Soweit hatten wir uns mit der Situation arrangiert, dass wir kaum noch, und wenn doch nur mit schlechtem Gewissen, weggingen, schließlich hatten die Katzen ja so wenig von uns. Dort wo andere ihre Freunde mit immer wieder erzählten Geschichten über ihre Kinder langweilen, taten wir dasselbe mit unseren Katzengeschichten. Die Krönung war der Jahrtausendwechsel. Unser sensibler Kater saß, vor Angst erstarrt, in der hintersten Ecke vom Kleiderschrank. Wir saßen abwechselnd davor und hielten Pfötchen. Trotzdem hatte er vor lauter Schreck nach Neujahr eine Verstopfung, die wir mit Rizinusöl behandeln mussten. Das dies nicht so weiter gehen konnte, wurde uns  an einem besonders heißen Sommerabend klar. Da unsere Dachwohnung sich tagsüber stark aufheizte, und wir wegen der Katzen die Fenster nicht einfach auflassen konnten (wir wohnten im 4ten Stock), war es abends unsere erste Handlung, einen Raum nach dem anderen gründlich durchzulüften. Dabei hatten wir ein Dachflächenfenster offensichtlich nicht wieder ordentlich verschlossen, denn plötzlich sah mich unser Kater statt von drinnen, von draußen an. Natürlich versuchte ich ihn nach drinnen zu locken, doch ich hatte nicht die geringste Chance.
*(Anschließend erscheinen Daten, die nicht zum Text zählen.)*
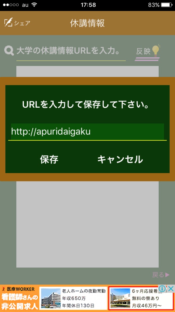 休講情報機能に自分の大学の休講情報URLを張り付けることができます。一度設定しておけば、すぐに休講情報を確認することができますよ。
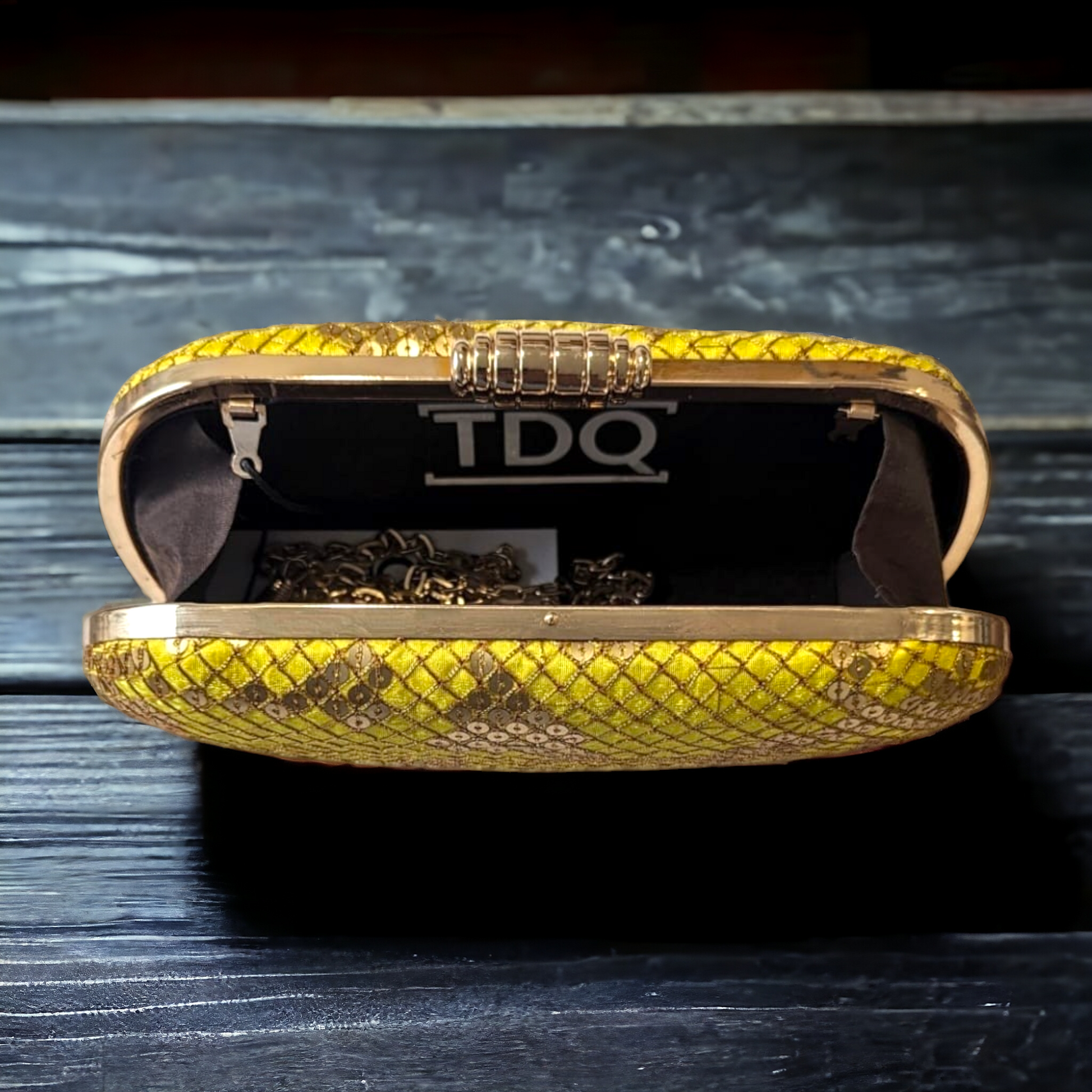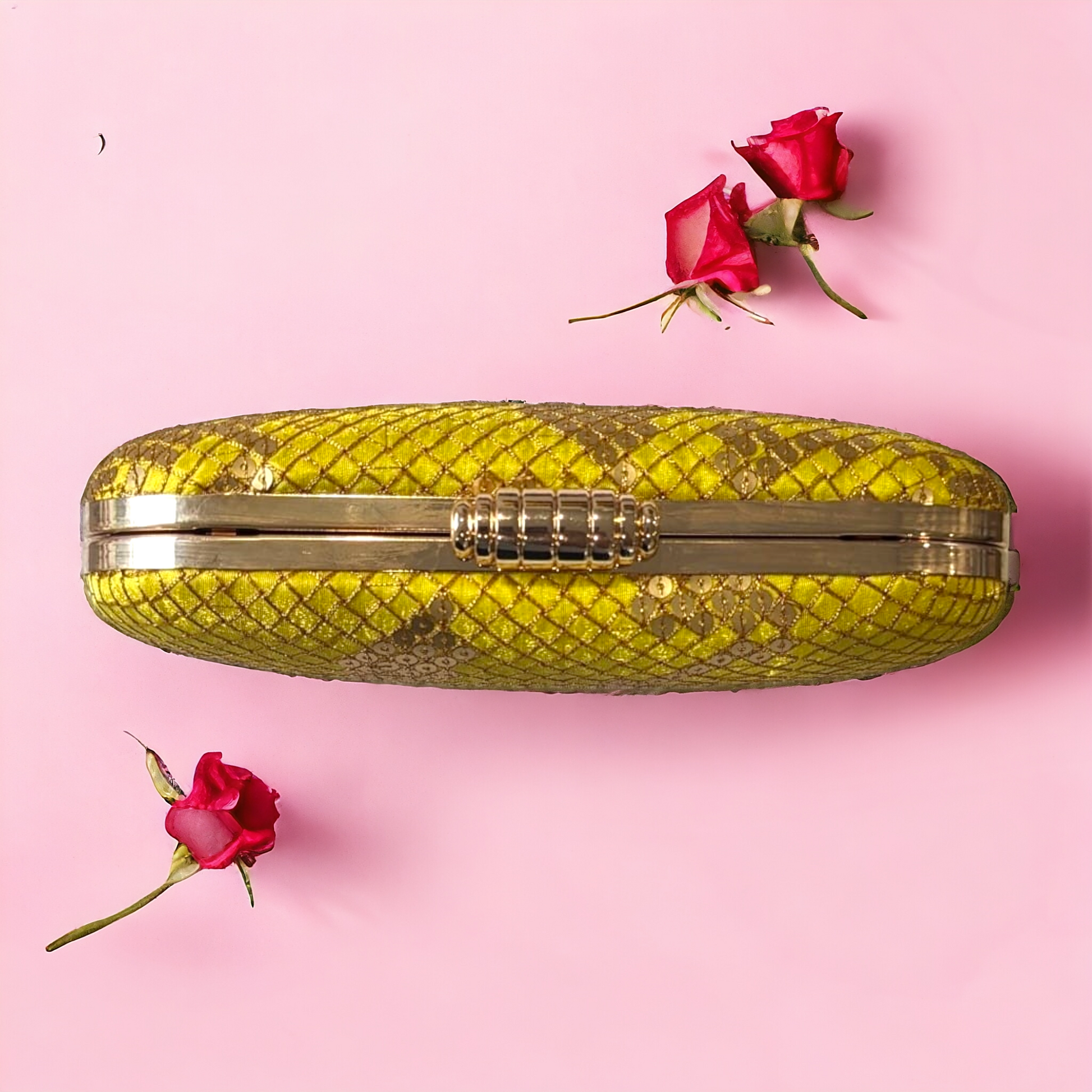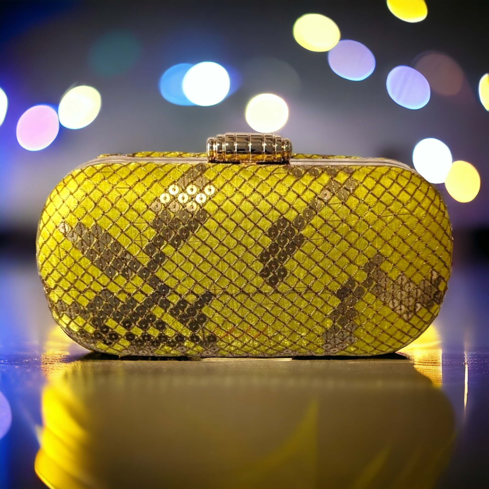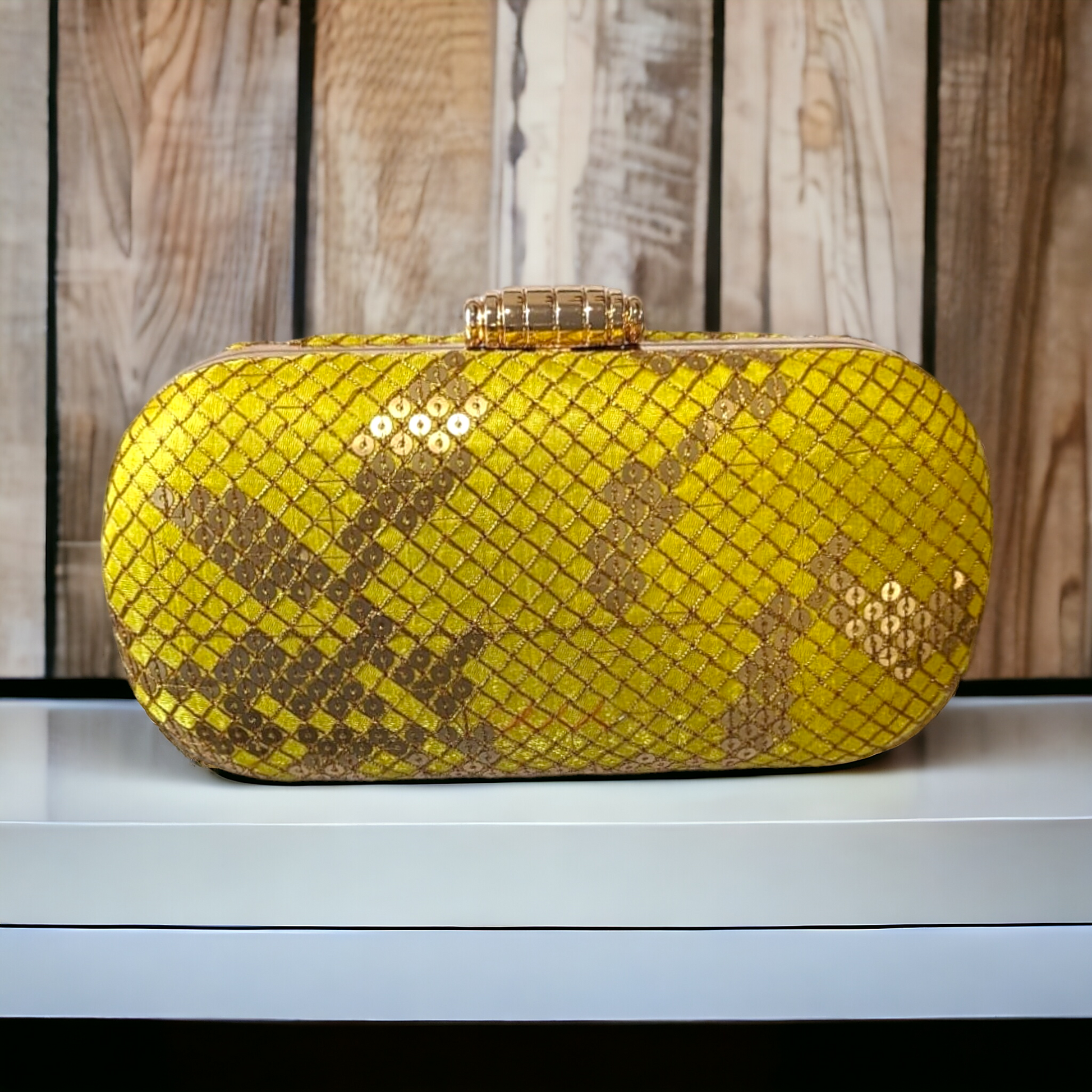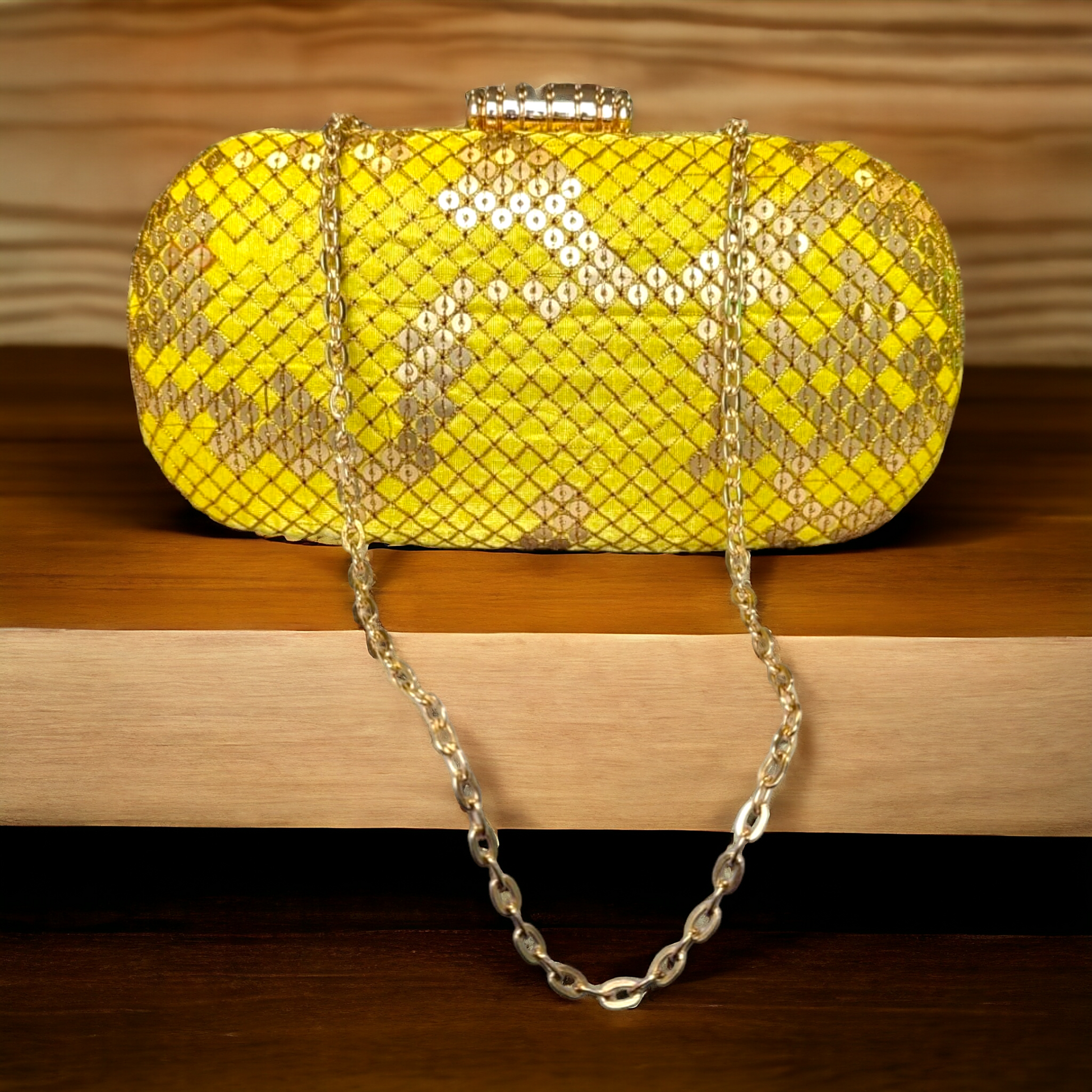 This Clutch features fine thread and sequence work along with vibrant fluorescent yellow color and unique capsule shape, making it perfect for a night out at the club or a fancy dinner. Its spacious design allows for all your essentials, and the convertible sling with detachable chain adds a touch of versatility. Made with durable materials and detailed sequence and thread work, it's a fashionable and practical addition to any outfit.

Auf der Suche nach seinem Fluchtweg sah ich gerade noch das Hinterteil unserer Katze durch ein Dachfenster nach draußen verschwinden. Damit brachen für uns zwei harte Stunden an. So lange dauerte der Ausflug über die Dächer der Stadt. Von Selbstvorwürfen geplagt, wartete immer einer von uns bei weit geöffneten Fenstern in der Wohnung, während der andere bei Nachbarn klingelte, um eventuell in fremde Dachböden eingedrungene Katzen zu befreien. Dabei hatten wir Schreckensvisionen von abgestürzten, oder von auf einem Dachboden oder in einer Wohnung versehentlich eingesperrten Katzen. Unsere Ausreißer hingegen hatten anscheinend eine schöne Zeit. Aufgeregt erzählend kamen sie nach etwa zwei Stunden wieder nach Hause. Von da an probierten sie ständig das Fenster erneut zu öffnen. Die Tapete daneben hing nach einiger Zeit in Fetzen herunter. Wir versuchten die beiden mit Ausflügen ins Treppenhaus und in den Keller zu bestechen, doch ohne Erfolg. Sie wollten ihre Freiheit und zwar ganz oder gar nicht. Die Konsequenz aus diesem Vorfall war letztendlich ein Umzug der ganzen Familie aufs Land. Sicher, auch wir wollten raus aus dem Verkehrslärm und sahen einer etwas weniger städtischen Umgebung froh entgegen, ausschlaggebend waren jedoch unsere vierfüßigen Tyrannen.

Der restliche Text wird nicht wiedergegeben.